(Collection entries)
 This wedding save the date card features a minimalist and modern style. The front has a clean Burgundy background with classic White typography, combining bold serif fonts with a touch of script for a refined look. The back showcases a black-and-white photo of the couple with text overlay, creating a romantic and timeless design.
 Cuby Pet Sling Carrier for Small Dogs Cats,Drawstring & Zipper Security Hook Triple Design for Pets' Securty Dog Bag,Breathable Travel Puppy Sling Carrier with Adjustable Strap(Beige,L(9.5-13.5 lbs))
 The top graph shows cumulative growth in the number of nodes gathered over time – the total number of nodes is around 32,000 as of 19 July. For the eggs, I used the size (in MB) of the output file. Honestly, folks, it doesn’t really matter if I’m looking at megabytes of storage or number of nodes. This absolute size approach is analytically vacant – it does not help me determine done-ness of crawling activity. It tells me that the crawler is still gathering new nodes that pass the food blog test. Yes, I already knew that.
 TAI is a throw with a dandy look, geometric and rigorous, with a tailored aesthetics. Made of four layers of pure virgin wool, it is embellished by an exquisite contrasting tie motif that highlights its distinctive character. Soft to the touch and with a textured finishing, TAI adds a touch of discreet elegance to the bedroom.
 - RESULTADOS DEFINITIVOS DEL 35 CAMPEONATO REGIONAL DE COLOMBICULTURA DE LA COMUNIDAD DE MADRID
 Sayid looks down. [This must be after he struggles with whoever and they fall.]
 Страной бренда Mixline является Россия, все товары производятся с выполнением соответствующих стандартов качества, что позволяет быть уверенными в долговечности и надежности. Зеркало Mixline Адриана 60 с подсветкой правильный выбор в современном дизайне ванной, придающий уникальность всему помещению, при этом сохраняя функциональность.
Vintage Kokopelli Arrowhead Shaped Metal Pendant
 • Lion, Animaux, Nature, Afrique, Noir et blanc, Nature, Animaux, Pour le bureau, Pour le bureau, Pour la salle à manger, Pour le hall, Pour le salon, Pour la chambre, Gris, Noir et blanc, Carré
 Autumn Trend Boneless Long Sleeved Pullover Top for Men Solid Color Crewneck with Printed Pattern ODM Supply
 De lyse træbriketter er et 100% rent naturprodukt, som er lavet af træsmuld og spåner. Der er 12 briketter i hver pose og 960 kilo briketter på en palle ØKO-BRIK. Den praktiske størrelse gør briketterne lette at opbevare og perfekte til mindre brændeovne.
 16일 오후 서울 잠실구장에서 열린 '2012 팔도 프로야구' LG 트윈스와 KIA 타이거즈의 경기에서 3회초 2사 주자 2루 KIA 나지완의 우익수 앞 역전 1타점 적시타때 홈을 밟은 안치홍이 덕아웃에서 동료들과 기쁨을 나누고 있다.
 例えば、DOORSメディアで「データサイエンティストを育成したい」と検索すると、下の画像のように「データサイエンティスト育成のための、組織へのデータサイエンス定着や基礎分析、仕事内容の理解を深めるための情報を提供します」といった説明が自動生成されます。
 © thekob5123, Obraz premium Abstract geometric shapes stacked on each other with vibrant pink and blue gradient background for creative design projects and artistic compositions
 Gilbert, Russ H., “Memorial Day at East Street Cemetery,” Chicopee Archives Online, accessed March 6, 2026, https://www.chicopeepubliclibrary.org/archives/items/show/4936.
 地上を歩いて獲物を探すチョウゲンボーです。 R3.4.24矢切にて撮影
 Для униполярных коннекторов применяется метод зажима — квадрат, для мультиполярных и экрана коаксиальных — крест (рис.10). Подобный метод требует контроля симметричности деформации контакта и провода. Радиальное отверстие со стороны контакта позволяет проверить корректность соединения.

* [WORK REQUEST]
Print the entries once more, character for character.

* [REPLY TO THE EXERCISE]
 This wedding save the date card features a minimalist and modern style. The front has a clean Burgundy background with classic White typography, combining bold serif fonts with a touch of script for a refined look. The back showcases a black-and-white photo of the couple with text overlay, creating a romantic and timeless design.
 Cuby Pet Sling Carrier for Small Dogs Cats,Drawstring & Zipper Security Hook Triple Design for Pets' Securty Dog Bag,Breathable Travel Puppy Sling Carrier with Adjustable Strap(Beige,L(9.5-13.5 lbs))
 The top graph shows cumulative growth in the number of nodes gathered over time – the total number of nodes is around 32,000 as of 19 July. For the eggs, I used the size (in MB) of the output file. Honestly, folks, it doesn’t really matter if I’m looking at megabytes of storage or number of nodes. This absolute size approach is analytically vacant – it does not help me determine done-ness of crawling activity. It tells me that the crawler is still gathering new nodes that pass the food blog test. Yes, I already knew that.
 TAI is a throw with a dandy look, geometric and rigorous, with a tailored aesthetics. Made of four layers of pure virgin wool, it is embellished by an exquisite contrasting tie motif that highlights its distinctive character. Soft to the touch and with a textured finishing, TAI adds a touch of discreet elegance to the bedroom.
 - RESULTADOS DEFINITIVOS DEL 35 CAMPEONATO REGIONAL DE COLOMBICULTURA DE LA COMUNIDAD DE MADRID
 Sayid looks down. [This must be after he struggles with whoever and they fall.]
 Страной бренда Mixline является Россия, все товары производятся с выполнением соответствующих стандартов качества, что позволяет быть уверенными в долговечности и надежности. Зеркало Mixline Адриана 60 с подсветкой правильный выбор в современном дизайне ванной, придающий уникальность всему помещению, при этом сохраняя функциональность.
Vintage Kokopelli Arrowhead Shaped Metal Pendant
 • Lion, Animaux, Nature, Afrique, Noir et blanc, Nature, Animaux, Pour le bureau, Pour le bureau, Pour la salle à manger, Pour le hall, Pour le salon, Pour la chambre, Gris, Noir et blanc, Carré
 Autumn Trend Boneless Long Sleeved Pullover Top for Men Solid Color Crewneck with Printed Pattern ODM Supply
 De lyse træbriketter er et 100% rent naturprodukt, som er lavet af træsmuld og spåner. Der er 12 briketter i hver pose og 960 kilo briketter på en palle ØKO-BRIK. Den praktiske størrelse gør briketterne lette at opbevare og perfekte til mindre brændeovne.
 16일 오후 서울 잠실구장에서 열린 '2012 팔도 프로야구' LG 트윈스와 KIA 타이거즈의 경기에서 3회초 2사 주자 2루 KIA 나지완의 우익수 앞 역전 1타점 적시타때 홈을 밟은 안치홍이 덕아웃에서 동료들과 기쁨을 나누고 있다.
 例えば、DOORSメディアで「データサイエンティストを育成したい」と検索すると、下の画像のように「データサイエンティスト育成のための、組織へのデータサイエンス定着や基礎分析、仕事内容の理解を深めるための情報を提供します」といった説明が自動生成されます。
 © thekob5123, Obraz premium Abstract geometric shapes stacked on each other with vibrant pink and blue gradient background for creative design projects and artistic compositions
 Gilbert, Russ H., “Memorial Day at East Street Cemetery,” Chicopee Archives Online, accessed March 6, 2026, https://www.chicopeepubliclibrary.org/archives/items/show/4936.
 地上を歩いて獲物を探すチョウゲンボーです。 R3.4.24矢切にて撮影
 Для униполярных коннекторов применяется метод зажима — квадрат, для мультиполярных и экрана коаксиальных — крест (рис.10). Подобный метод требует контроля симметричности деформации контакта и провода. Радиальное отверстие со стороны контакта позволяет проверить корректность соединения.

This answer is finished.